Metropolitan News-Enterprise

 

Thursday, September 9, 2010

 

Page 1

 

Court of Appeal Revives LAX-Area Hotel Service Charge Ordinance

 

By KENNETH OFGANG, Staff Writer

 

A City of Los Angeles ordinance requiring hotels near Los Angeles International Airport to pass along service charges to employees is not preempted by state law, and is constitutional, the Court of Appeal for this district ruled yesterday.

Div. Three reversed a contrary ruling by Los Angeles Superior Court Judge William Highberger, and reinstated a suit by service workers seeking to enforce the 2006 enactment.

The city adopted the law in response to workers’ complaints that their employers were keeping all or most of the revenue from the service charges, and that customers were not tipping because they assumed that the charges were going to the workers.
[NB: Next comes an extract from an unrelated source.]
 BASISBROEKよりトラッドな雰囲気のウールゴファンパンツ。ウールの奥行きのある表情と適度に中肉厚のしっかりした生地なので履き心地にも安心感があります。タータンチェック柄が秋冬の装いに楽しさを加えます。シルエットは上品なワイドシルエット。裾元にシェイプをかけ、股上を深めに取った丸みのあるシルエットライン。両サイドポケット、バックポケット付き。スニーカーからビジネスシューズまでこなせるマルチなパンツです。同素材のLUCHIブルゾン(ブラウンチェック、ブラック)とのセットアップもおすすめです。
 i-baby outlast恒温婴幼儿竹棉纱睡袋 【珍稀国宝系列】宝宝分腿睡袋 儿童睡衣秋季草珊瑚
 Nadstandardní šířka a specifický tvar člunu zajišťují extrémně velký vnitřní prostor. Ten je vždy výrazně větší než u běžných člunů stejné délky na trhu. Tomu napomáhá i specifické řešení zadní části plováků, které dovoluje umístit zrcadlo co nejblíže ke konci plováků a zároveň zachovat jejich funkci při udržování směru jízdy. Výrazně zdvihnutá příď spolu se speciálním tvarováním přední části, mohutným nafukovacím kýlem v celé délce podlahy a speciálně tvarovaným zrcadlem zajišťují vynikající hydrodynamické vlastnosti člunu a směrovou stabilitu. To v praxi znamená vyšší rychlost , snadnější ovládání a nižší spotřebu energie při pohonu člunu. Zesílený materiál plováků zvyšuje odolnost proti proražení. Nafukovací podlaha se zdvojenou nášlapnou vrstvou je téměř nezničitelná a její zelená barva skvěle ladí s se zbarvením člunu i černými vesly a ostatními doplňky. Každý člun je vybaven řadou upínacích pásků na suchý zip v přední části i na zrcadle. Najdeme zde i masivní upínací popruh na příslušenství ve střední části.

The affected Century Corridor hotels—the ordinance applies to all hotels within the area officially known as the Gateway to Los Angeles Property Business Improvement District that have 50 or more rooms—argued that the city was interfering with day-to-day business decisions. They also claimed that the charges were usually passed along to workers, partially in the form of tips, and partially in higher wages. 

Trial Court Ruling

Highberger ruled that the Labor Code sections dealing with gratuities have “served as a bright-line” as to how moneys paid by customers are to be divided between employers and employees. The Service Charge Ordinance, he said, violate those sections by purporting to give employees “an ownership interest in mandatory charges added by the hotel.”

Having resolved the issue on a statutory basis, the judge did not rule on the hotels’ claims that the ordinance deprived them of equal protection, took their property without just compensation, and was unconstitutionally vague.
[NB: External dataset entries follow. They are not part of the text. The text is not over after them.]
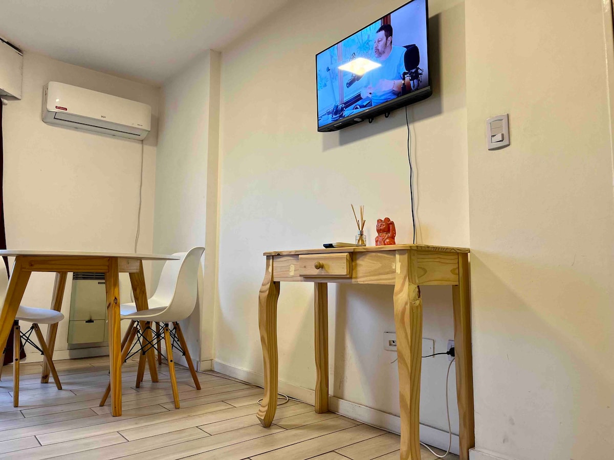Depto de 1 dormitorio sin vecinos tiene terraza y cochera propia con sillones, mesa y asador. Cuenta con living/oficina/consultorio, cocina comedor equipada, baño completo y entrada independiente. Decorado con estilo y mucha luz natural. WiFi, TV Smart y todos los servicios. Ubicado en zona tranquila y segura, cerca de todo en pleno gral Paz.
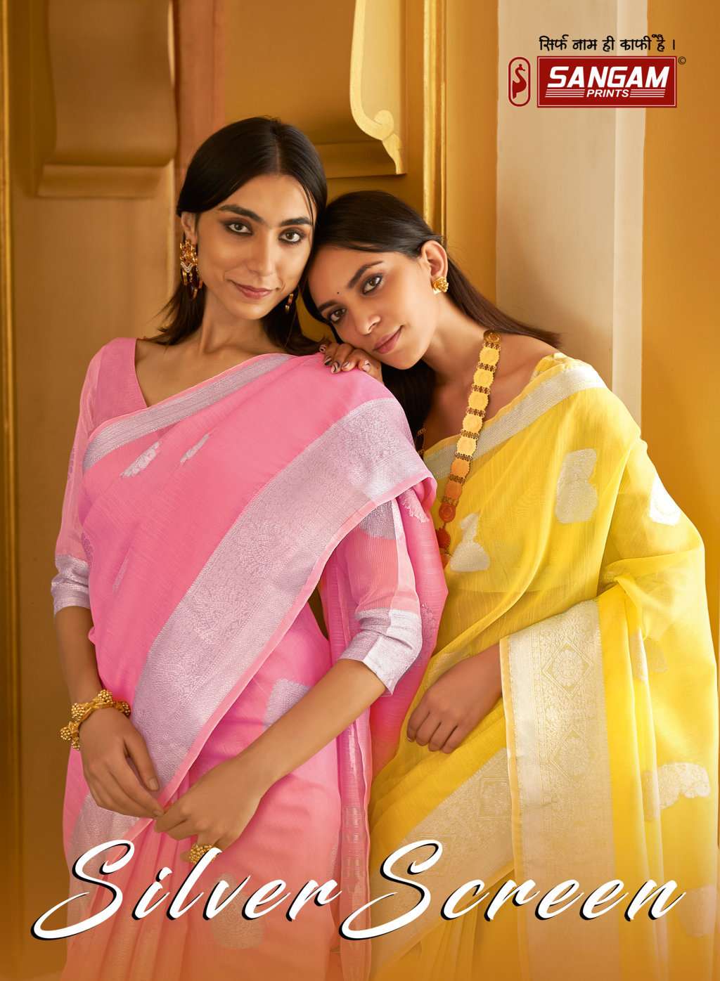 sr launch grassy shaded print linen pattern saree with fancy blouse
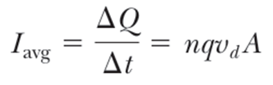 실제로 전류가 전달되고 있는 도선 속 자유전자의 표류 속도를 계산해보자. 3.31 x 10-6 m2 의 단면적을 갖는 구리 도선을 통해 10.0 A 의 일정한 전류가 전달되고 있을 때, 도선 속 전자의 표류 속도 (drift speed) 는 얼마인가?구리 원자 하나 당 하나의 자유 전자가 발생한다 가정하고, 구리의 밀도는 8.92 g/cm3 이다. 풀이)우린 앞에서 표류 속도와 평균 전류 사이의 관계를 구했었다. 전류의 크기가 일정하다고 했으니까, 위 식을 표류 속도에 관한 식으로 바꿔 쓰면, 전류 I, 단면적 A, 전자의 전하량 q 는 알고 있으니까,전자의 밀도 n 만 이 문제에 맞게 바꿀 수 있으면 끝난다. 구리 1 몰의 부피는 M은 구리의 몰 질량이고, ρ 는 밀도이다.문제에서 알려주진 않았지..
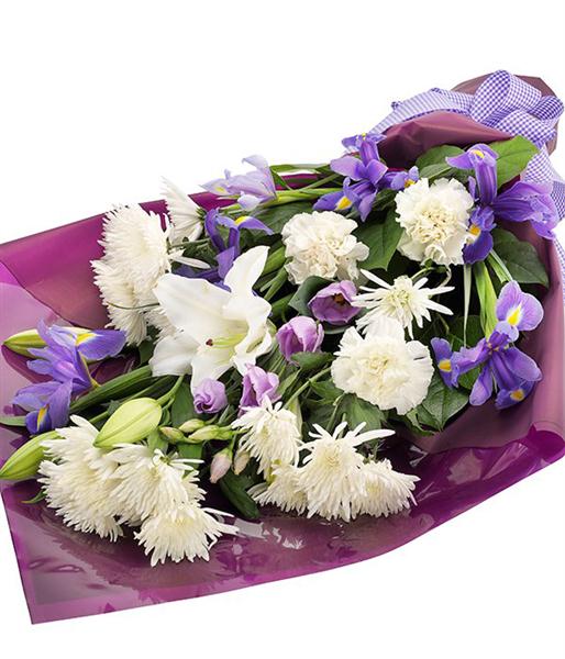 includes White Lilys, Blue Iris, Lilac Lisianthus, White Spray Chrysanthemums, White Carnations, Salal.
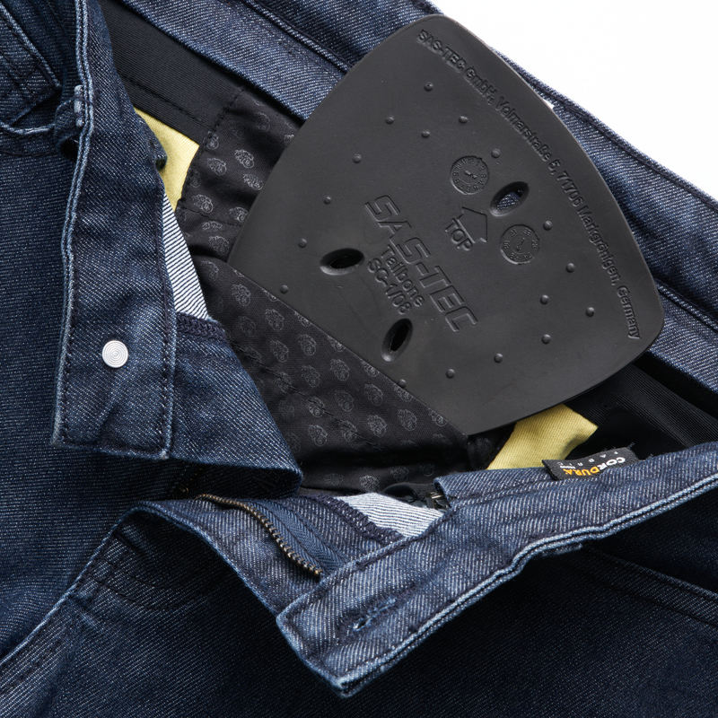 BROGER – JEANSY DLA CIEBIE Jeśli lubisz pokręcić się po centrum, sprawdzić lokalne knajpy, a później odkręcić gaz na prostej za miastem – jeansy motocyklowe Ohio Lady będą idealnie dla Ciebie. Są wyjątkowo wygodne i praktyczne, a dzięki pełnemu zestawowi ochraniaczy SAS-TEC® również bezpieczne. Denim Denim to tkanina tak kultowa, że nikomu nie trzeba jej przedstawiać. Noszona przez ludzi w każdym wieku, na całym świecie. Nic więc dziwnego, że posłużyła do stworzenia spodni motocyklowych – daje w końcu pewność, że będą wygodne i bezpieczne. Tak jak materiał, z którego zostały wykonane. Dzięki użyciu materiału Coolmax jeansy będą przewiewne i komfortowe, natomiast Cordura, materiał o bardzo wysokiej odporności, da Ci gwarancję bezpieczeństwa na trasie. Kevlarowa podpinka Wypinana warstwa wewnętrzna z Kevlaru®, czyli materiału z włókna aramidowego, który jest wyjątkowo lekki, trwały i bardzo wytrzymały. Słynie z odporności na przetarcia, a najbardziej znany ze swojego zastosowania w kamizelkach kuloodpornych. To wszystko sprawia, że jeansy Broger nie zawiodą Cię w trasie, gwarantując najwyższy poziom bezpieczeństwa. Ochraniacze SAS-TEC® Aby zapewnić najwyższe możliwe bezpieczeństwo, wszystkie ochraniacze w jeansach Broger zostały stworzone z trwałej, elastomerowej pianki marki SAS-TEC®. To rewolucyjny materiał, miękki i elastyczny, jednak błyskawicznie twardnieje podczas uderzenia, absorbując jego energię – tym samym chroniąc Twoje kolana i biodra przed urazami. Ochraniacze kolan w jeansach motocyklowych Ohio są wkładane od zewnątrz. Certyfikacja CECertyfikacja produktów to długi i żmudny proces. Wymaga on spełnienia wielu wytycznych narzucanych przez organy certyfikujące, dopracowania absolutnie każdego szczegółu, każdej nici. Wszystkie produkty marki Broger uzyskały certyfikację co oznacza, że są wystarczające bezpieczne, by bez wahania jeździć w nich na motocyklu. Tabela Rozmiarów
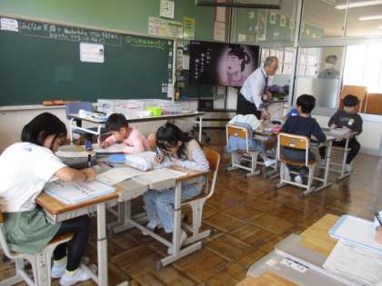 3・4年、5・6年は学級活動を行いました。学級目標や児童会スローガンについて考えていました。
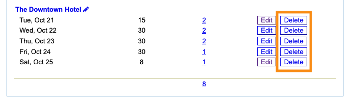 You’ll delete Hotel blocks one day at a time. Click the Delete button for each date.
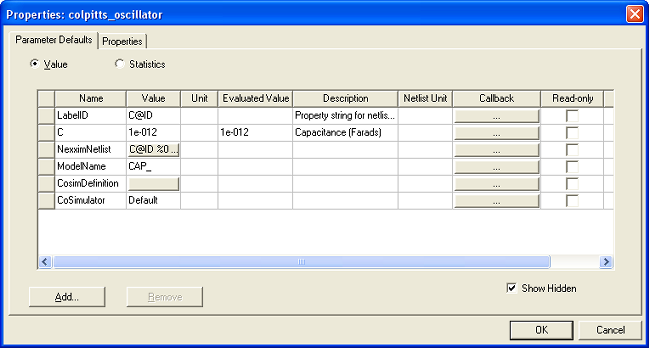 ![]() Parameter Defaults TabThis tab displays and sets the default values for component parameters for general analysis (Value option) or statistical analysis (Statistics option).

But Justice Richard Aldrich, writing for the Court of Appeal, said the ordinance was neither preempted nor unconstitutional.

Aldrich agreed with the hotels that the Legislature has completely occupied the field of gratuities, so that a city may not regulate them. But the hotel service charges regulated by the ordinance are not gratuities, so the trial judge was wrong, the justice said.

Labor Code

He cited Labor Code Secs. 350—defining a gratuity has money paid to an employee “over an above the actual amount due the business for services rendered”—and 351, which declares that a gratuity is the property of the employee to whom it is “paid, given, or left for.” A service charge imposed by a hotel on its patron “by definition is not a gratuity,” Aldrich declared.

He elaborated:

The Ordinance does not prevent hotels from charging patrons for services, but it recognizes that the 15 percent to 20 percent service charge misleads the public into assuming that the service charge is being distributed to the worker performing the services.  The Ordinance mandates that the service charge must be paid to the worker.  Thus, the Ordinance does not prohibit what the Labor Code commands or command what it prohibits.”
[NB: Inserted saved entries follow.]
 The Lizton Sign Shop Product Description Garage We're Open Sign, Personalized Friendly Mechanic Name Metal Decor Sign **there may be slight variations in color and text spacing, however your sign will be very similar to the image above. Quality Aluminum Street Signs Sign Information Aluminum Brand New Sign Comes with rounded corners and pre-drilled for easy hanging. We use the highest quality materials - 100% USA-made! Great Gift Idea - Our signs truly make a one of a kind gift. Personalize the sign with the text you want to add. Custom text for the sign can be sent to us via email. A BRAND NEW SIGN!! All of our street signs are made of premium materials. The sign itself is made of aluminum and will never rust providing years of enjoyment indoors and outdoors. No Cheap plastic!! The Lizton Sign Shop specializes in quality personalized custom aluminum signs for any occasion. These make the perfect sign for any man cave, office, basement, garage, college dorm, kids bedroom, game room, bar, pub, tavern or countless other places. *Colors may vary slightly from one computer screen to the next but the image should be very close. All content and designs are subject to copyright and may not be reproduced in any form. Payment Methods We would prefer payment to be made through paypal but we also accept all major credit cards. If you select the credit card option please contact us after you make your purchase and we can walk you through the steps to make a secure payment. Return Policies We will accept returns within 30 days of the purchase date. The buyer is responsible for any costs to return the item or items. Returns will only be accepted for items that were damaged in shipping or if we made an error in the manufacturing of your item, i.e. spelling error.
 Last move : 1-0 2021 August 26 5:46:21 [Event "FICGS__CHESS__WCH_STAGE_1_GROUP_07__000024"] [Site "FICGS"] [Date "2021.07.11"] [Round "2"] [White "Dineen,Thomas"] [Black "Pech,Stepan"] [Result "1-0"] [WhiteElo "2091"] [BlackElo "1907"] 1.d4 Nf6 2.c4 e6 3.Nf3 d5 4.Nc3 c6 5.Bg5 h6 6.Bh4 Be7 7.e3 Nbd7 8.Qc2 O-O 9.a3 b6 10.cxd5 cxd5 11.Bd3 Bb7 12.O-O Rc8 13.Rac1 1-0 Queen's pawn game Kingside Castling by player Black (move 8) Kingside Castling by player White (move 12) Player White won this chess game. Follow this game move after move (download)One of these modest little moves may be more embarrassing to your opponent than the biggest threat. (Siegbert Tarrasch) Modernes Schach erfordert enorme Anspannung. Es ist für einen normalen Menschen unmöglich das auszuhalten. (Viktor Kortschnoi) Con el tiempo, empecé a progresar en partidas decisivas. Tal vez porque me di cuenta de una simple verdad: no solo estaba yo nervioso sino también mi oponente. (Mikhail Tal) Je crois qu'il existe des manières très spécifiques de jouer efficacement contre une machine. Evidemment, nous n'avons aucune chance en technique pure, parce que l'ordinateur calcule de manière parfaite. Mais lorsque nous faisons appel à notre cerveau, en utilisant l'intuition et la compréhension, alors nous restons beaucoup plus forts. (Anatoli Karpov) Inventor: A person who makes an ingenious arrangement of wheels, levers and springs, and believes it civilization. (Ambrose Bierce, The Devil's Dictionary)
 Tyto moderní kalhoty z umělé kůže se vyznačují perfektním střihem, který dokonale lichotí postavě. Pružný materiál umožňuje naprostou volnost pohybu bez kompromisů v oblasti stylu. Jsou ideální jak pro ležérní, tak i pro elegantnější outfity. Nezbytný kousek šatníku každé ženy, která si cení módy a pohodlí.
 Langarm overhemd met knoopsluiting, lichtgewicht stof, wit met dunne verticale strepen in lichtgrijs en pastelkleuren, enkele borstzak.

Addressing the constitutional challenges, Aldrich said the ordinance made rationally based classifications, was clear in its requirements, and did not effect a taking of property.

The city, he said, showed a rational basis for classifying hotels on the basis of size and location.

Rational Basis

By designating the corridor as a business improvement district, the justice explained, the city has “targeted [the area] for economic investment, and the City rationally could conclude this designation benefits Corridor hotels, obligating hotels to pay service workers a decent compensation.” It is similarly rational, he said, for the city to conclude that larger hotels do more business and can better afford to comply.

The hotels’ regulatory takings claim fails, Aldrich went on to say, under the test laid out in Penn Central Transp. Co. v. New York City (1978) 438 U.S. 104, because the government is not taking money for its own use and is not retroactively regulating economic activity or altering “an identified property interest.” A different result would obtain, he suggested, if the city were attempting to regulate charges for services traditionally provided by a hotel, such as laundry and dry cleaning, babysitting, or spa and health-related facilities.

The case is Garcia v. Four Points Sheraton LAX, B210720.